An outlier is a numeric data that is significantly different from other data in a sample. This term is used in statistical studies, and can indicate anomalies in the data studied or errors in measurements. Knowing how to deal with outliers is important to ensure adequate understanding of the data, and will allow for more accurate conclusions from the study. There is a fairly simple procedure that allows you to calculate outliers in a given set of values.
Steps
Step 1. Learn to recognize potential outliers
Before calculating whether a certain numeric value is an outlier, it is helpful to review the data set and choose the potential outliers. For example, consider a set of data representing the temperature of 12 different objects in the same room. If 11 of the objects have a temperature in a certain temperature range near 21 degrees Celsius, but the twelfth object (possibly an oven) has a temperature of 150 degrees Celsius, a superficial examination could lead to the conclusion that the oven temperature measurement is a potential outlier.

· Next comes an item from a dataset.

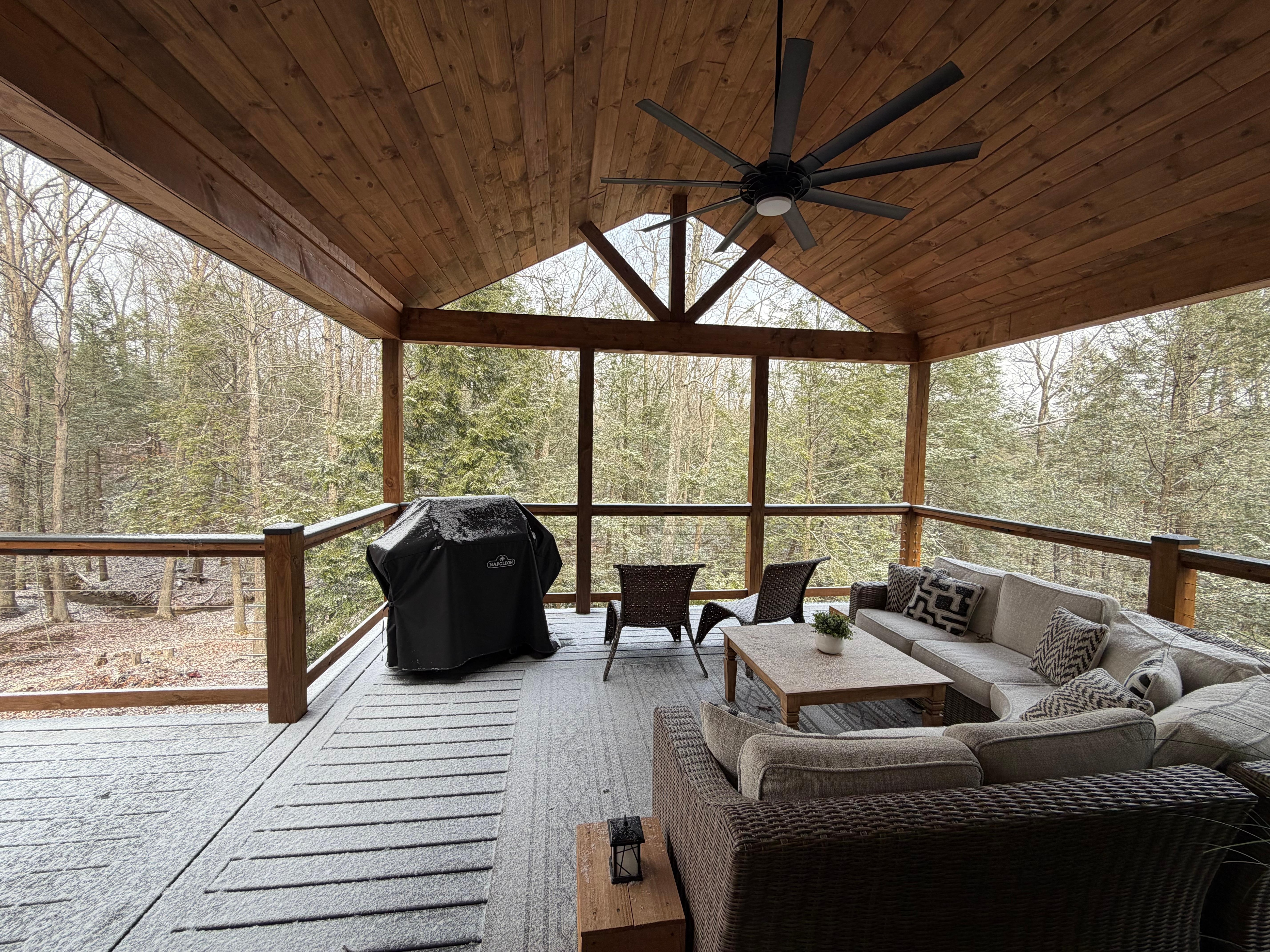 - Covered porch with seating and forest views
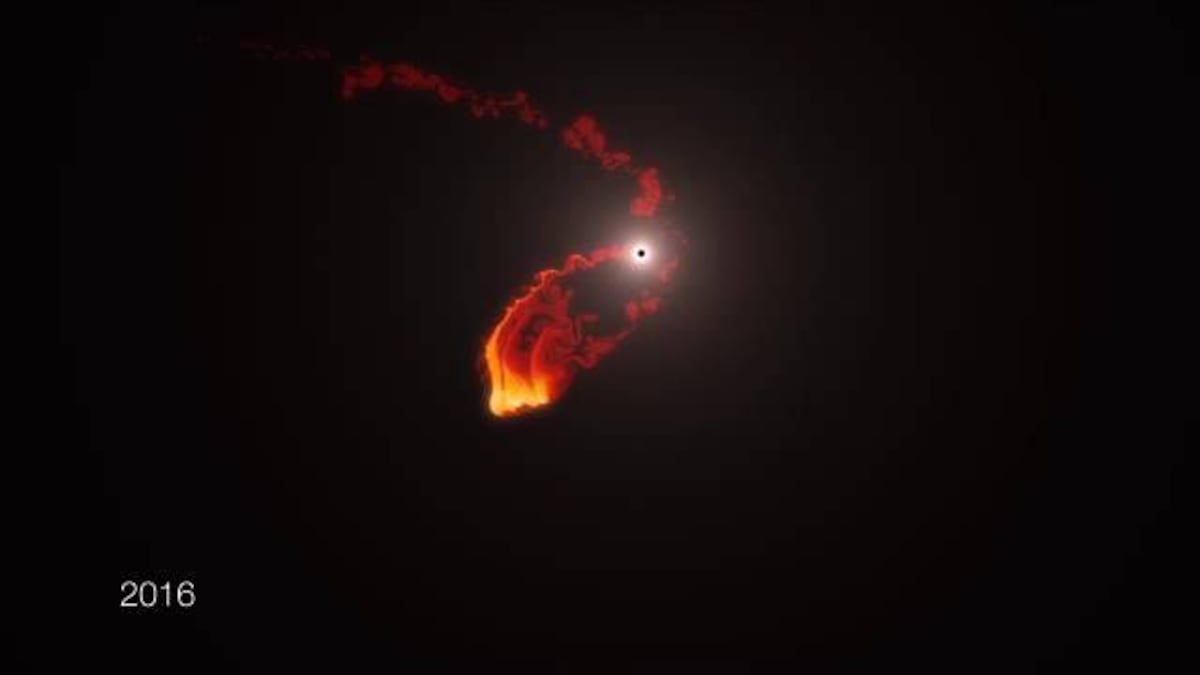 "El gas que se encuentra en la cabeza de la nube se estira a más de 160.000 millones de kilómetros alrededor del punto más cercano de la órbita del agujero negro. Y el máximo acercamiento es a tan solo unos 25.000 millones de kilómetros del propio agujero negro — apenas desaparezca caerá sumido en el olvido", explica en la web de ESO Stefan Gillessen (Instituto Max Planck de Física Extraterrestre, Garching, Alemania) quien lidera el equipo de observación. "La nube está tan estirada que el punto máximo de acercamiento no es un evento puntual, sino un proceso que se extiende a lo largo de un periodo de, al menos, un año".

Step 2. Arrange the numerical values in ascending order
Continuing with the previous example, consider the following set of numbers representing the temperatures of some objects: {21, 20, 23, 20, 20, 19, 20, 22, 21, 150, 21, 19}. This set should be ordered as follows: {19, 19, 20, 20, 20, 20, 21, 21, 21, 22, 23, 150}.
Step 3. Calculate the median of the dataset
The median is the number above which half of the data lies, and below which the other half lies. If the set has even cardinality, the two intermediate terms must be averaged. In the above example, the two intermediate terms are 20 and 21, so the median is ((20 + 21) / 2), i.e. 20, 5.
Step 4. Calculate the first quartile
This value, called Q1, is the number below which 25 percent of the numeric data lies. Referring again to the example above, also in this case it will be necessary to average between two numbers, in this case it is 20 and 20. Their average is ((20 + 20) / 2), ie 20.
Step 5. Calculate the third quartile
This value, called Q3, is the number above which 25 percent of the data lies. Continuing with the same example, averaging the 2 values 21 and 22 yields a Q2 value of 21.5.
Step 6. Find the "inner fences" for the dataset
The first step is to multiply the difference between Q1 and Q3 (called the interquartile gap) by 1, 5. In the example, the interquartile gap is (21.5 - 20), i.e. 1, 5. Multiplying this gap by 1, 5 you get 2, 25. Add this number to Q3 and subtract it from Q1 to build the inner fences. In our example, the inner fences would be 17, 75 and 23, 75.
Any numerical data that lies outside this range is considered a slightly anomalous value. In our example set of values, only the oven temperature, 150 degrees, is considered a mild outlier
Step 7. Find the "outer fence" for the set of values
You can find them with exactly the same procedure you used for inner fences, except that the interquartile range is multiplied by 3 instead of 1.5. Multiplying the interquartile range obtained in our example by 3 you get (1.5 * 3) 4, 5. The outer fences are therefore 15, 5 and 26.